RFR: 8318446: C2: optimize stores into primitive arrays by combining values into larger store

Tue Jan 23 08:51:30 UTC 2024

On Tue, 23 Jan 2024 03:18:39 GMT, Dean Long <dlong at openjdk.org> wrote:

>>> I took a quick look and I don't see where the code checks that all the candidate stores are using MemNode::unordered and that there aren't memory barriers in between.
>> 
>> @dean-long How would the graph look like if there were memory barriers? Would there not be something on the memory graph or control graph which is neither a Store nor a RangeCheck? Any what exactly is your concern about `MemNode::unordered`? Would you mind explaining or giving some examples?
>
>> How would the graph look like if there were memory barriers? Would there not be something on the memory graph or control graph which is neither a Store nor a RangeCheck?
> 
> Yes, I think so.  See for example GraphKit::insert_mem_bar().
> 
>> Any what exactly is your concern about `MemNode::unordered`? Would you mind explaining or giving some examples?
> 
> Any stores with explicit Release semantics, for example, probably expect that ordering to preserved.  It looks like such a store can be generated using Unsafe.putByteRelease().  So I would think that the only stores that can take part in this optimization should be using "unordered".  How would your optimization apply to the following cases?
> 
> case 1:
> Unsafe.putByteRelease(array1, offset+0, 'A');
> Unsafe.putByteRelease(array1, offset+1, 'A');
> 
> case2:
> Unsafe.putByteRelease(array1, offset+0, 'A');
> Unsafe.putByteRelease(array1, offset+3, 'A');
> Unsafe.putByteRelease(array1, offset+1, 'A');
> 
> In case 1, I don't think it's safe to turn this into a 16-bit store unless the store is atomic, otherwise another thread might see the writes in the wrong order.  Likewise for case 2, another thread shouldn't be able to observe the writes in the wrong order.

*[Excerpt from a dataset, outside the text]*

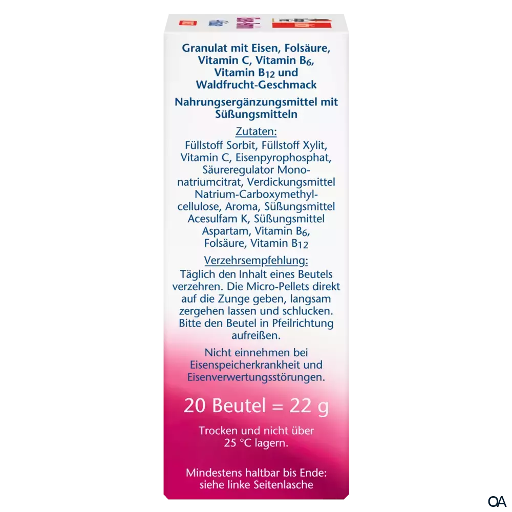 - Zusammensetzung pro Portionsbeutel % NRV*: Eisen 14 mg 100 % Folsäure 300 µg 150 % Vitamin B6 1,4 mg 100 % Vitamin B12 2,5 µg 100 % Vitamin C 80 mg 100 %. * Nährstoffbezugswerte gemäß EU-Verordnung 1169/2011. Enthält eine Phenylalaninquelle.

@dean-long Ok, but if there is something else on the memory graph than the Stores, or something else on the control-graph than the RangeCheck, then the optimization bails out. I also created an example with `Unsafe.putByteRelease`, and some other variants:

import jdk.internal.misc.Unsafe;

public class Test {
    static final Unsafe UNSAFE = Unsafe.getUnsafe();

    public static void main(String[] strArr) {
        byte[] a = new byte[100];
        for (int i = 0; i < 10_000; i++) {
            test1(a);
            test2(a);
            test3(a);
            test4(a);
        }
    }

    static void test1(byte[] a) {
        UNSAFE.putByte(a, UNSAFE.ARRAY_BYTE_BASE_OFFSET + 0, (byte)0xf1);
        UNSAFE.putByte(a, UNSAFE.ARRAY_BYTE_BASE_OFFSET + 1, (byte)0xf2);
        UNSAFE.putByte(a, UNSAFE.ARRAY_BYTE_BASE_OFFSET + 2, (byte)0xf3);
        UNSAFE.putByte(a, UNSAFE.ARRAY_BYTE_BASE_OFFSET + 3, (byte)0xf4);
    }

    static void test2(byte[] a) {
        UNSAFE.putByteVolatile(a, UNSAFE.ARRAY_BYTE_BASE_OFFSET + 0, (byte)0xf1);
        UNSAFE.putByteVolatile(a, UNSAFE.ARRAY_BYTE_BASE_OFFSET + 1, (byte)0xf2);
        UNSAFE.putByteVolatile(a, UNSAFE.ARRAY_BYTE_BASE_OFFSET + 2, (byte)0xf3);
        UNSAFE.putByteVolatile(a, UNSAFE.ARRAY_BYTE_BASE_OFFSET + 3, (byte)0xf4);
    }

    static void test3(byte[] a) {
        UNSAFE.putByteRelease(a, UNSAFE.ARRAY_BYTE_BASE_OFFSET + 0, (byte)0xf1);
        UNSAFE.putByteRelease(a, UNSAFE.ARRAY_BYTE_BASE_OFFSET + 1, (byte)0xf2);
        UNSAFE.putByteRelease(a, UNSAFE.ARRAY_BYTE_BASE_OFFSET + 2, (byte)0xf3);
        UNSAFE.putByteRelease(a, UNSAFE.ARRAY_BYTE_BASE_OFFSET + 3, (byte)0xf4);
    }

    static void test4(byte[] a) {
        UNSAFE.putByteOpaque(a, UNSAFE.ARRAY_BYTE_BASE_OFFSET + 0, (byte)0xf1);
        UNSAFE.putByteOpaque(a, UNSAFE.ARRAY_BYTE_BASE_OFFSET + 1, (byte)0xf2);
        UNSAFE.putByteOpaque(a, UNSAFE.ARRAY_BYTE_BASE_OFFSET + 2, (byte)0xf3);
        UNSAFE.putByteOpaque(a, UNSAFE.ARRAY_BYTE_BASE_OFFSET + 3, (byte)0xf4);
    }
}

`java --add-modules java.base --add-exports java.base/jdk.internal.misc=ALL-UNNAMED --add-exports java.base/jdk.internal.util=ALL-UNNAMED -XX:CompileCommand=compileonly,Test::test* -XX:CompileCommand=printcompilation,Test::test* -XX:+TraceMergeStores -XX:-PrintIdeal Test.java`

Only `test1` applies the optimization. If you enable `PrintIdeal`, then you can see that all others have `MemBarCPUOrder` nodes, which are on both the memory and control path. That's the reason my algorithm does not merge them.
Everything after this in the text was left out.